Target_Field = Field(eos_token = '<trg_eos>', init_token = '<trg_sos>', lower = True, tokenize = en_tokenizer)

In [None]:
training_data, validation_data, test_data = Multi30k.splits(exts = ('.de', '.en'), fields = (Source_Field, Target_Field)) 

FileNotFoundError: ignored

In [None]:
print(f"Number of Training Examples: {len(training_data.examples)}")
print(f"Number of Validation Examples: {len(validation_data.examples)}")
print(f"Number of Testing Examples: {len(test_data.examples)}")

print(vars(training_data.examples[1]))
print(vars(validation_data.examples[1]))
print(vars(test_data.examples[1]))

In [None]:
Source_Field.build_vocab(training_data, min_freq = 2)
Target_Field.build_vocab(training_data, min_freq = 2)
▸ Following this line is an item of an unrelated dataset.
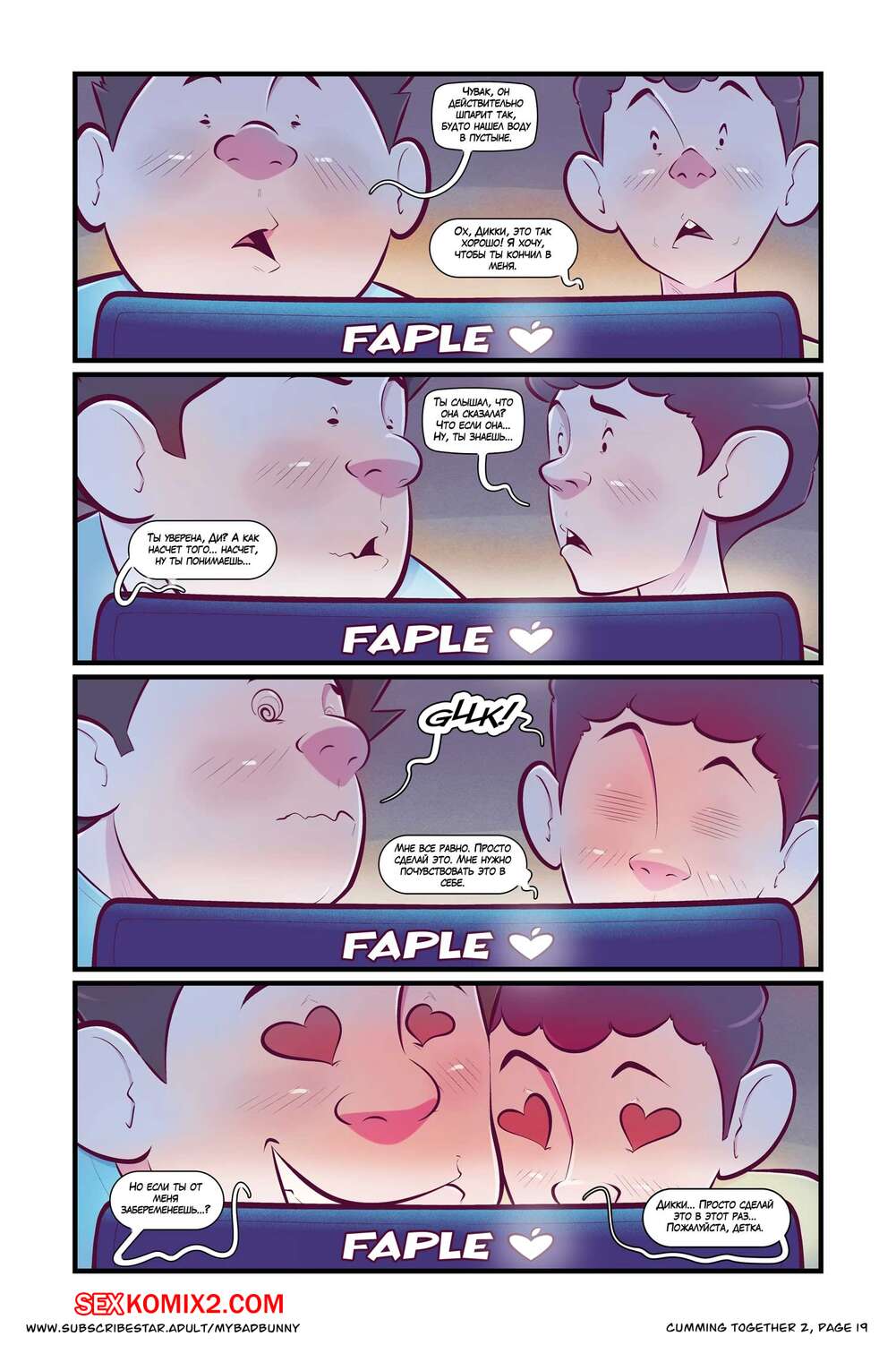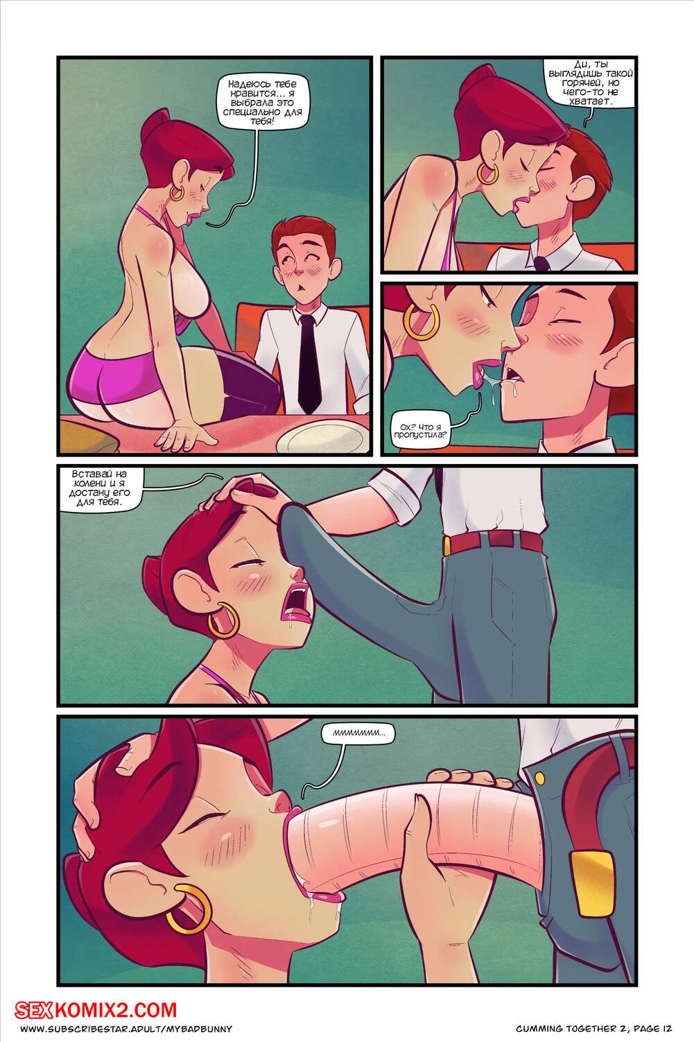 Порно комикс Кончаем вместе. Часть 2. Cumming Together. My Bad Bunny Сисястая милфа брюнетка проснулась и решила заняться уборкой. Она была откровенно одета, поэтому ее сын с другом стали следить за ней с помощью видеокамеры, любуясь ее шикарным телом.

print(f"Source vocab size: {len(Source_Field.vocab)}")
print(f"Target vocab size: {len(Target_Field.vocab)}")

In [None]:
class Encoder(nn.Module):
    def __init__(self, vocab_size, embedding_dim, hidden_dim, num_layers, encoder_dropout):
        super(Encoder, self).__init__()
        self.embedding = nn.Embedding(vocab_size, embedding_dim)
        self.rnn = nn.LSTM(input_size = embedding_dim, hidden_size = hidden_dim, num_layers = num_layers, dropout = encoder_dropout)
        self.dropout = nn.Dropout(encoder_dropout)

    def forward(self, input):
        embedding = self.dropout(self.embedding(input))
        output, states = self.rnn(embedding)

        return states

In [None]:
class Decoder(nn.Module):
    def __init__(self, vocab_size, embedding_dim, hidden_dim, num_layers, decoder_dropout):
        super(Decoder, self).__init__()
        self.output_dim = vocab_size
        self.hidden_dim = hidden_dim
        self.num_layers = num_layers
        self.embedding = nn.Embedding(vocab_size, embedding_dim)
        self.rnn = nn.LSTM(input_size = embedding_dim, hidden_size = hidden_dim, num_layers = num_layers, dropout = decoder_dropout)
        self.fc = nn.Linear(hidden_dim, vocab_size)
        self.dropout = nn.Dropout(decoder_dropout)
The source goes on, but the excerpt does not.